**Task objective:**
Set down all of the data exactly. Pictures stay out of the copy.

[Entries taken from a collection]
---------------

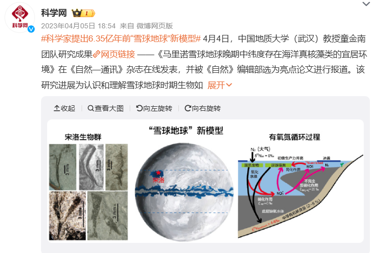 科學家提出6.35億(yi) 年前“雪球地球”新模型(圖片來源:微博截圖)
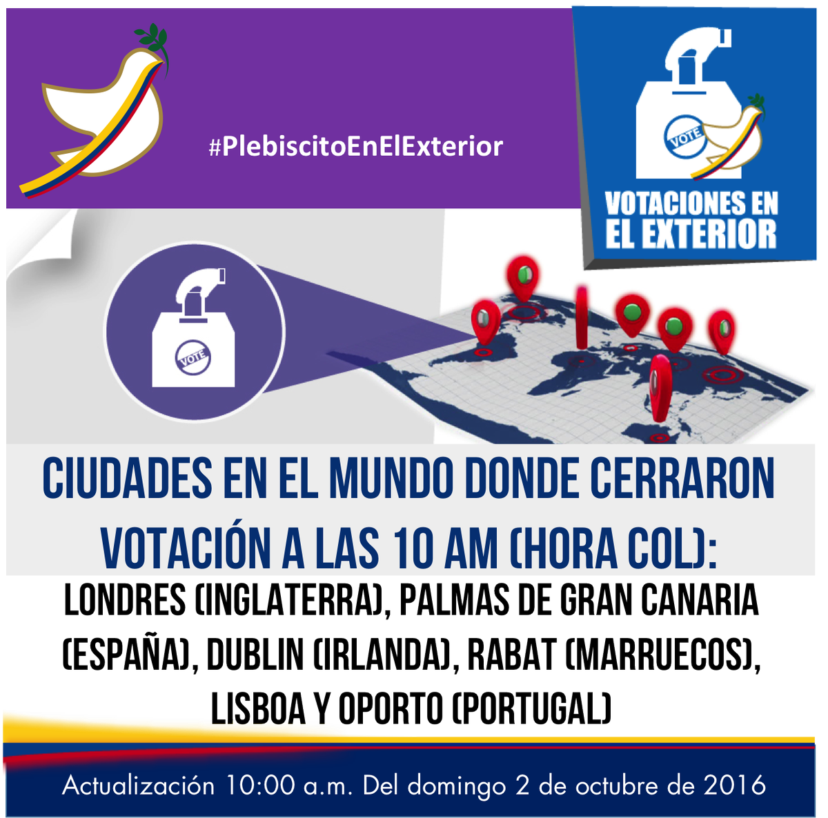 A las 10:00 am (hora COL) cerraron varios puestos de votación en el mundo #PlebiscitoEnElExteriorpic.twitter.com/ABfJaMolN7
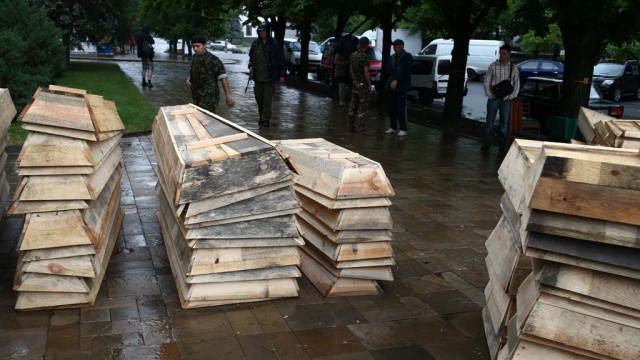 Тела держали в гробах из сбитых досок под открытым небом около месяца. Все это время боевики "ЛНР" отказывались отдавать погибших.
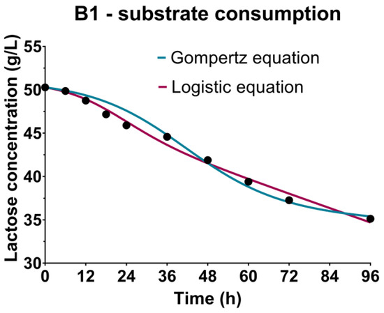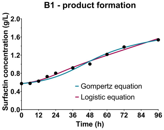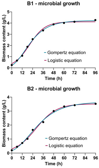 The bioprocess data on the producing microorganism’s biomass concentration, initial and residual sugar content in the cultivation media and surfactin concentration were used to generate kinetic models describing microbial growth, substrate consumption and product formation using non-linear regression analysis. The main microbial growth parameters (X0—initial biomass content (g/L), Xmax—maximal biomass content (g/L), μ—maximal specific growth rate (1/h)) were determined using the Gompertz (Equation (1)) and the logistic equation (Equation (2)):
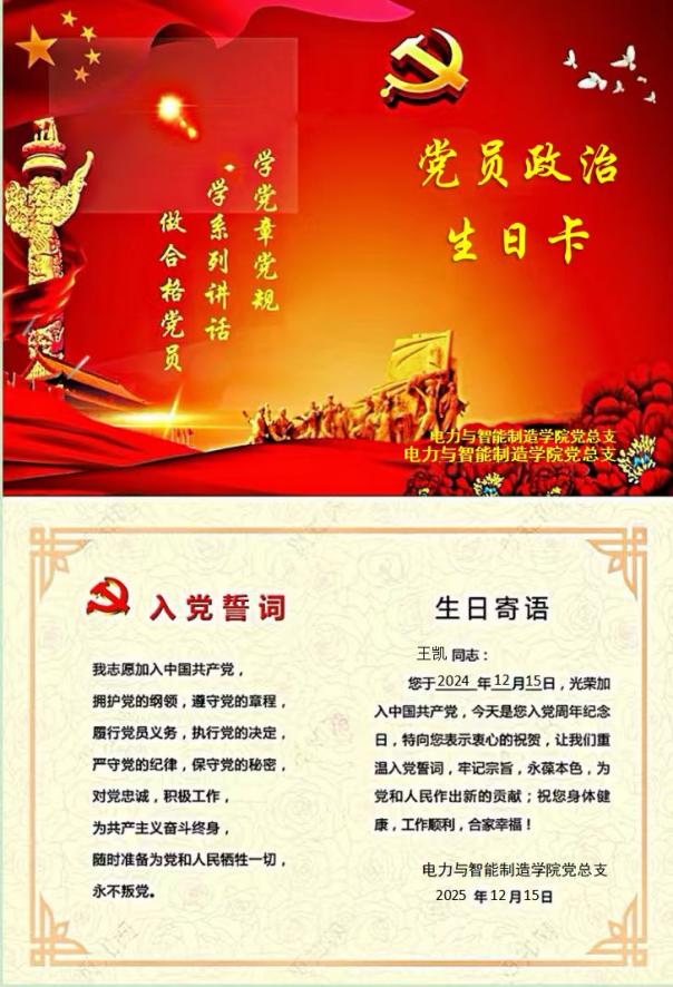 我是王凱,作為電力與智能制造學(xué)院的一名黨員輔導(dǎo)員,12月15日在收到學(xué)院黨組織發(fā)來的“政治生日”賀卡,我感到既開心又興奮,同時也感謝組織的關(guān)懷。

---------------

**Response to this exercise:**
 科學家提出6.35億(yi) 年前“雪球地球”新模型(圖片來源:微博截圖)
 A las 10:00 am (hora COL) cerraron varios puestos de votación en el mundo #PlebiscitoEnElExteriorpic.twitter.com/ABfJaMolN7
 Тела держали в гробах из сбитых досок под открытым небом около месяца. Все это время боевики "ЛНР" отказывались отдавать погибших.
 The bioprocess data on the producing microorganism’s biomass concentration, initial and residual sugar content in the cultivation media and surfactin concentration were used to generate kinetic models describing microbial growth, substrate consumption and product formation using non-linear regression analysis. The main microbial growth parameters (X0—initial biomass content (g/L), Xmax—maximal biomass content (g/L), μ—maximal specific growth rate (1/h)) were determined using the Gompertz (Equation (1)) and the logistic equation (Equation (2)):
 我是王凱,作為電力與智能制造學(xué)院的一名黨員輔導(dǎo)員,12月15日在收到學(xué)院黨組織發(fā)來的“政治生日”賀卡,我感到既開心又興奮,同時也感謝組織的關(guān)懷。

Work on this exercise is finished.